Pleural lymphangitis in a chylothorax. The parietal pleura is covered with a network of ectatic lymphatic vessels (Courtesy C Boutin, Marseille, France)
The presence of lymphangitis (Figs. 14.2, 14.3, and 14.4), a disseminated pleural carcinomatosis (Fig. 14.5), and a performance status index lower than 70 have been associated with a poorer clinical course after the induction of pleurodesis (Vargas and Teixeira 1996). Finally, lung entrapment (Figs. 14.6, 14.7,and 14.8), either due to pleural loculations or to failure of pulmonary expansion, reduces the efficacy of pleurodesis, as well as increasing the risk of infections in the pleural space. Therefore, pleurodesis is not recommended under these conditions (Vargas et al. 2004).
Lymphangitis is frequently seen in cases of malignant pleural effusion. In some situations the lymphangitis can become thicker, resembling candle wax droppings (Courtesy C Boutin, Marseille, France)
In this case of malignant pleural effusion due to a primary lung adenocarcinoma, an irregular white network can be seen over the posterior parietal pleura (○). Fibrin deposits are visible on the lung (star) (Courtesy Ph Astoul, Marseille, France)
Malignant lymphangitis on the parietal pleura and costodiaphragmatic gutter (Courtesy Ph Astoul, Marseille, France)
A view of the costophrenic angle (arrow). The lung (○) and the posterior parietal pleura (□) are covered by multiple nodules (Courtesy Ph Astoul, Marseille, France)
Trapped lung (lower lobe) in a patient with a malignant pleural effusion (Courtesy C Boutin and Ph Astoul, Marseille, France)
This picture shows pleural lymphangitis, nodules, and fibrin deposits. There is an adhesion between the posterior parietal pleural (lower part of the pleural cavity) and the lower lobe of the left lung (Courtesy C Boutin, Marseille, France)
Even without a fibrotic inflammatory reaction of the visceral pleura, the lung can be trapped. This patient was diagnosed with a lung tumor of the lower lobe (star). This view shows the costodiaphragmatic angle with the lower part of the posterior parietal pleura (○) and the diaphragm (□) (Courtesy Ph Astoul, Marseille, France)
14.3 Types of Procedures
Pleurodesis can be achieved using a variety of stimuli: direct physical abrasion, instillation of caustic or irritating chemical substances (talc, doxycycline, silver nitrate, or bleomycin) into the pleural space, or immunological induction with Corynebacterium parvum, transforming growth factor beta (TGF-ß) or interferon-alpha 2 (IFN-a 2).
14.3.1 Mechanical Stimuli
Among the mechanical techniques employed, abrasion is the principal method. Abrasion is carried out during a surgical intervention, whether conventional or video-assisted, where the surgeon exfoliates the pleural mesothelium, creating friction with a rough-surfaced material (e.g., gauze). This irritation results in the desquamation of the mesothelium and activation of the inflammatory and coagulation pathways, with subsequent proliferation of fibroblasts and collagen deposition. This will result in pleural symphysis.

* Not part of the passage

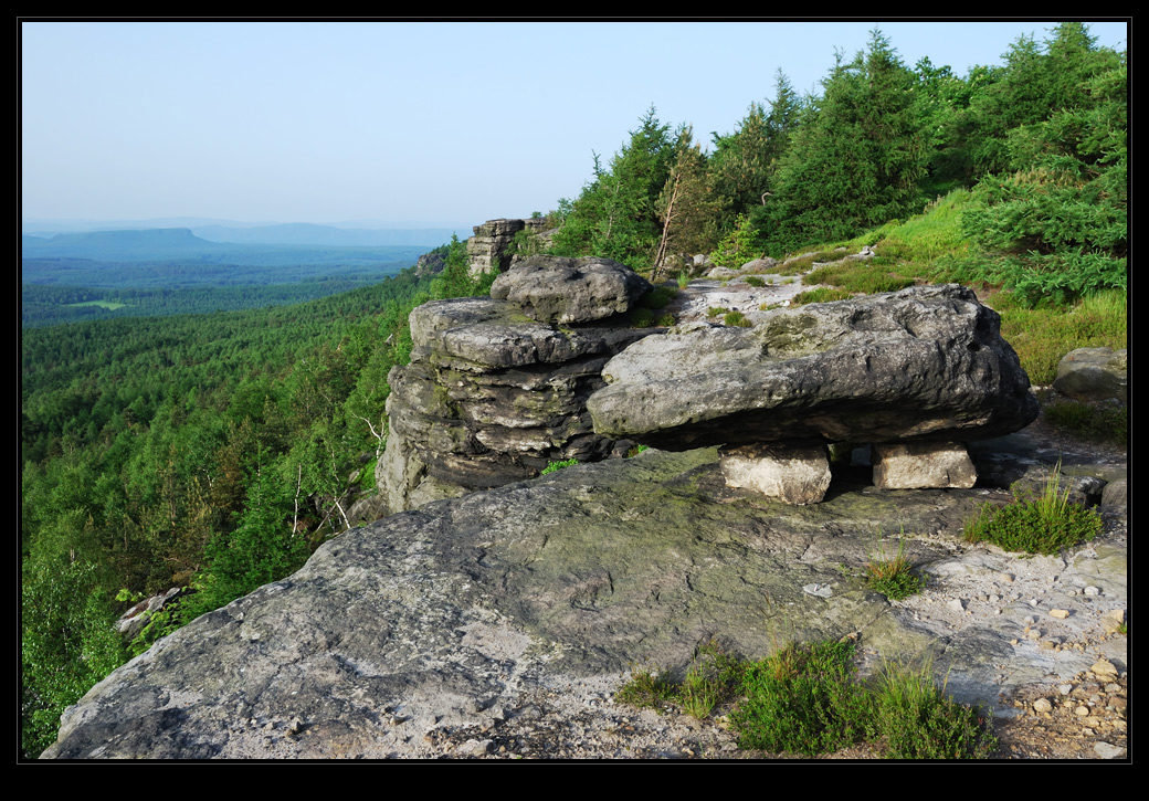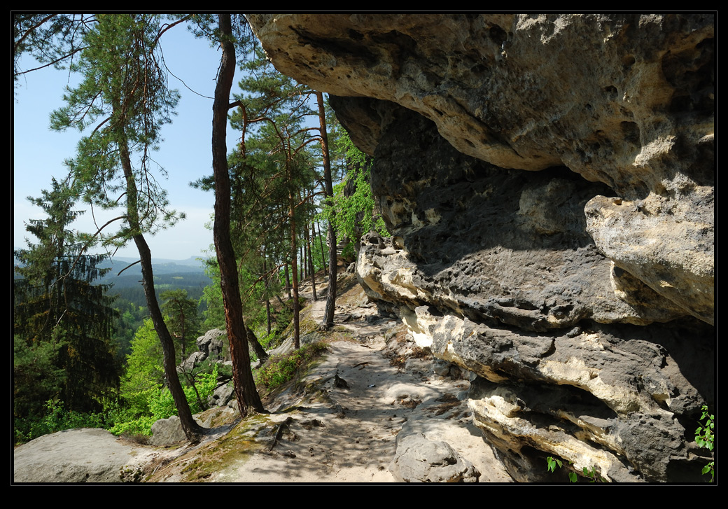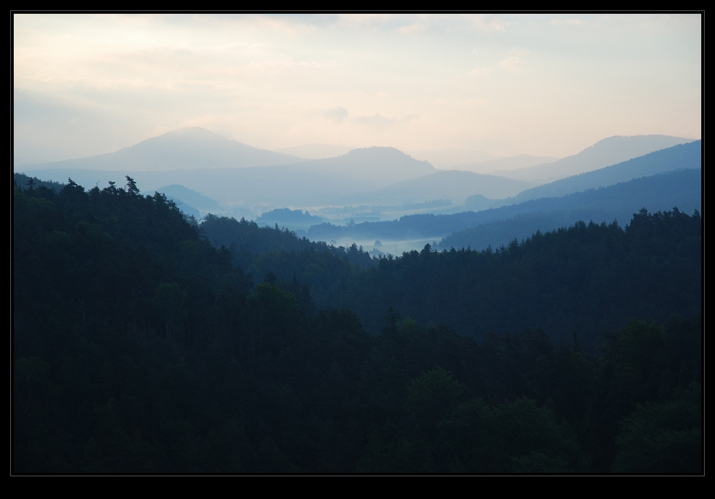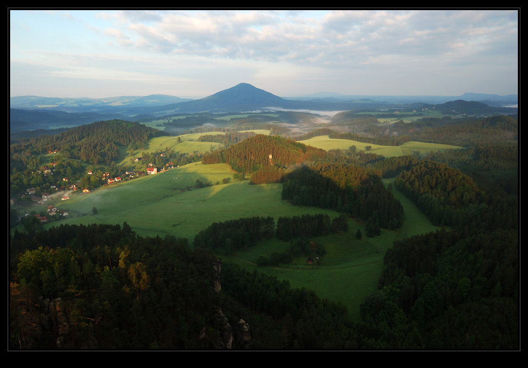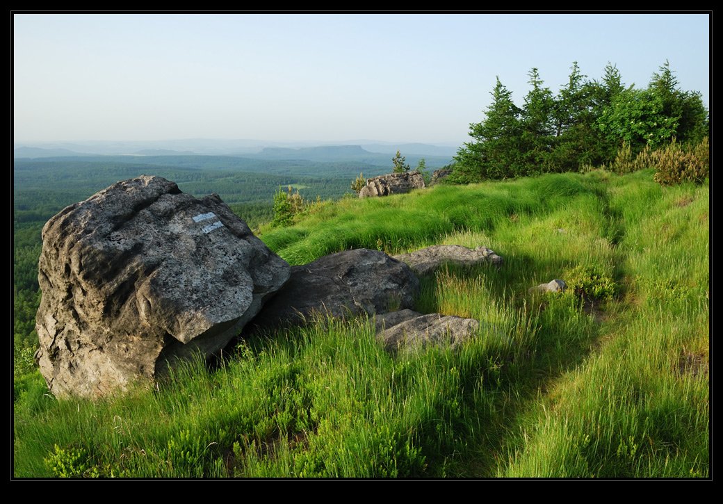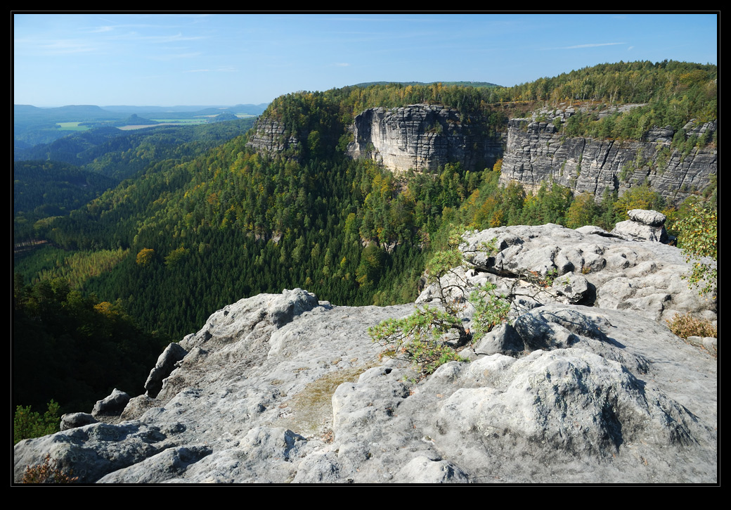 pohled do kraje se naskýtá z vyhlídek nedaleko Jetřichovic (Mariina
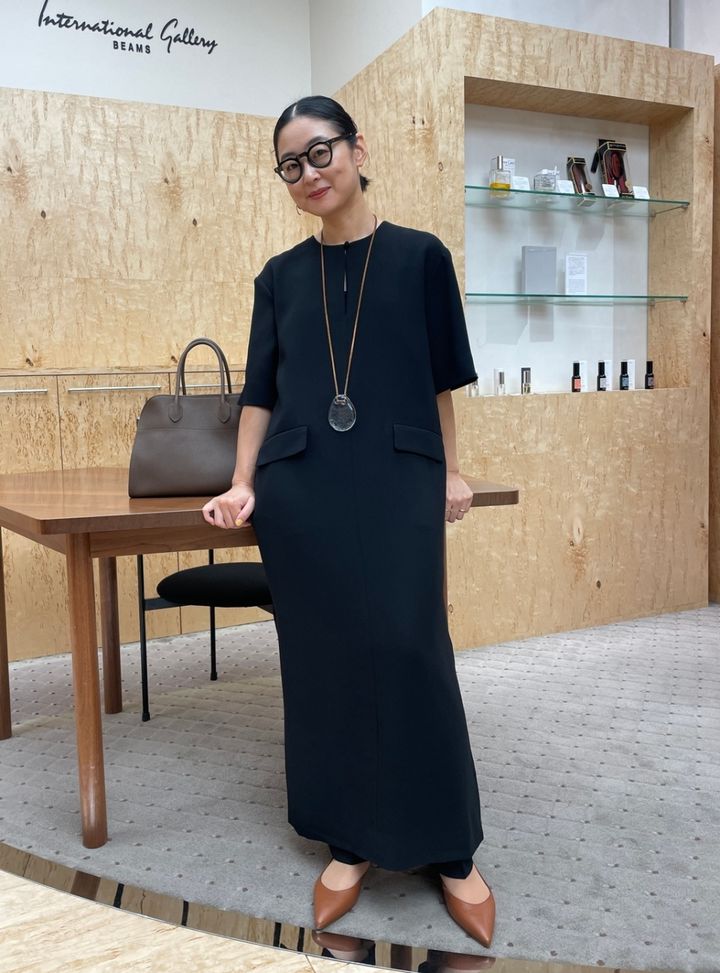 「ブラックのミニマルなコーディネートに、カラートーンを揃えた小物で個性と軽さをアクセントにしました。深めに入ったサイドスリットを生かし、ドレスの下にはパンツをレイヤード。ブラックカラーながらサラリとしたクレープ素材なので重くならずに着られます」

Pleural abrasion is not currently used in the control of recurrent neoplastic pleural effusions due to its lower efficacy, as well as to the high risk of bleeding in the regions involved by tumor and in addition, due to the theoretical possibility of malignant dissemination. Another inconvenience of pleural abrasion is that it requires surgical intervention.
14.3.2 Chemical Stimuli
Pleurodesis induced by chemical stimuli was first carried out at the beginning of the last century. There are references that, in 1901, Spengler injected silver nitrate into the pleural cavity for the control of recurrent pneumothorax (Vargas and Teixeira 1996).
Apparently, talc was first introduced into the pleural cavity, with the objective of collapsing the existing residual space after pulmonary TB by Bethune in 1935 (Vargas and Teixeira 1996). Since then, various substances have been used to induce pleurodesis. Chemical stimulation can be performed through various routes of access – pleurodesis can be achieved thoracosopically or through simple drainage.
Talc is classically considered the most efficacious sclerosant. When compared with other agents, it presents a relative risk of 1.34 for therapeutic success (95 % confidence interval: 1.16–1.55) with a success rate of over 90 % in most studies (Shaw and Agarwal 2004; Dresler et al. 2005). Talc has been considered the agent of choice, since it presents many of the characteristics cited in the definition of an ideal agent (low cost, wide distribution, easy administration, high efficacy, and low rate of side effects). Despite its low rate of complications, its use has been associated with acute respiratory distress syndrome. It is believed that this complication is related to the size of the talc particles. The smaller ones would be more easily absorbed from the pleural cavity and distributed throughout the circulation, resulting in a greater risk of remote complications and induction of cytokine-based systemic inflammatory reactions (Rehse et al. 1999; Maskell et al. 2004).